(RECORDS FOR PROCESSING Opens)

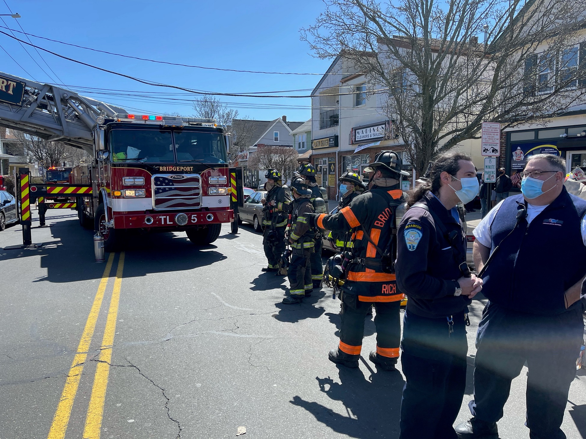 Authorities say customers in a Bridgeport barber shop "went running out the front door" Saturday when fire filled the business with smoke and flames.
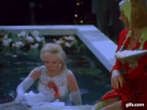 Finally, Cybill picked up a pie plate and started toward Andrea who began backing up and saying no. Eventually, she backed up to a walled pond, and she fell backward into it. After climbing up and onto the ledge, Cybill proceeded to smashing the pie in Andrea's face.
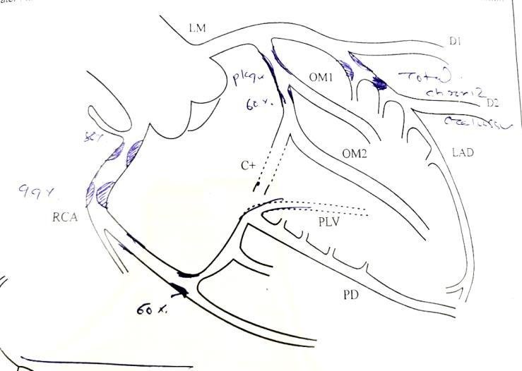 • Triple Vessel Disease (TVD) with culprit RCA lesion, causing ischemic bradycardia
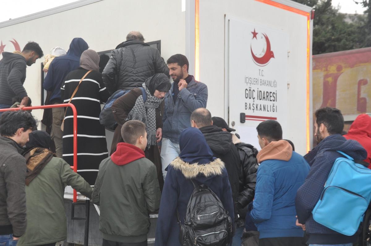 Sabahın ilk ışıklarıyla gümrük kapısına gelen Suriyeliler, Göç İdaresi Başkanlığı'nın mobil hizmet aracından işlemlerini yaptırıp, beraberinde getirdikleri eşyalarla birlikte ülkelerine geçiyor.
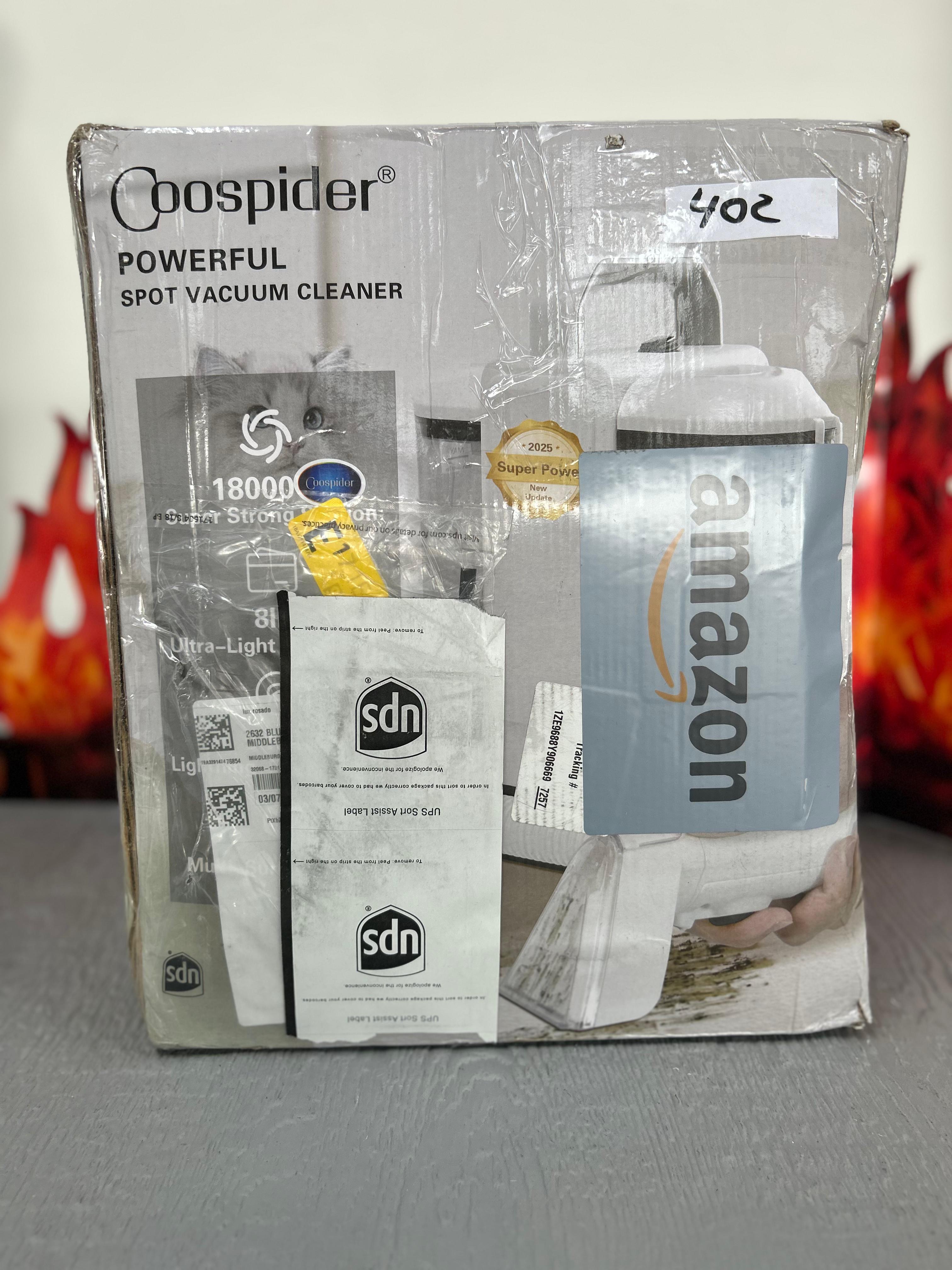 Coospider branded portable spot vacuum cleaner designed for cleaning stains on upholstery and carpets.( F402)

(RECORDS FOR PROCESSING Closes)

## PROMPT
Retype the records exactly, but skip the pictures.

## RESPONSE TO THIS EXERCISE
 Authorities say customers in a Bridgeport barber shop "went running out the front door" Saturday when fire filled the business with smoke and flames.
 Finally, Cybill picked up a pie plate and started toward Andrea who began backing up and saying no. Eventually, she backed up to a walled pond, and she fell backward into it. After climbing up and onto the ledge, Cybill proceeded to smashing the pie in Andrea's face.
 • Triple Vessel Disease (TVD) with culprit RCA lesion, causing ischemic bradycardia
 Sabahın ilk ışıklarıyla gümrük kapısına gelen Suriyeliler, Göç İdaresi Başkanlığı'nın mobil hizmet aracından işlemlerini yaptırıp, beraberinde getirdikleri eşyalarla birlikte ülkelerine geçiyor.
 Coospider branded portable spot vacuum cleaner designed for cleaning stains on upholstery and carpets.( F402)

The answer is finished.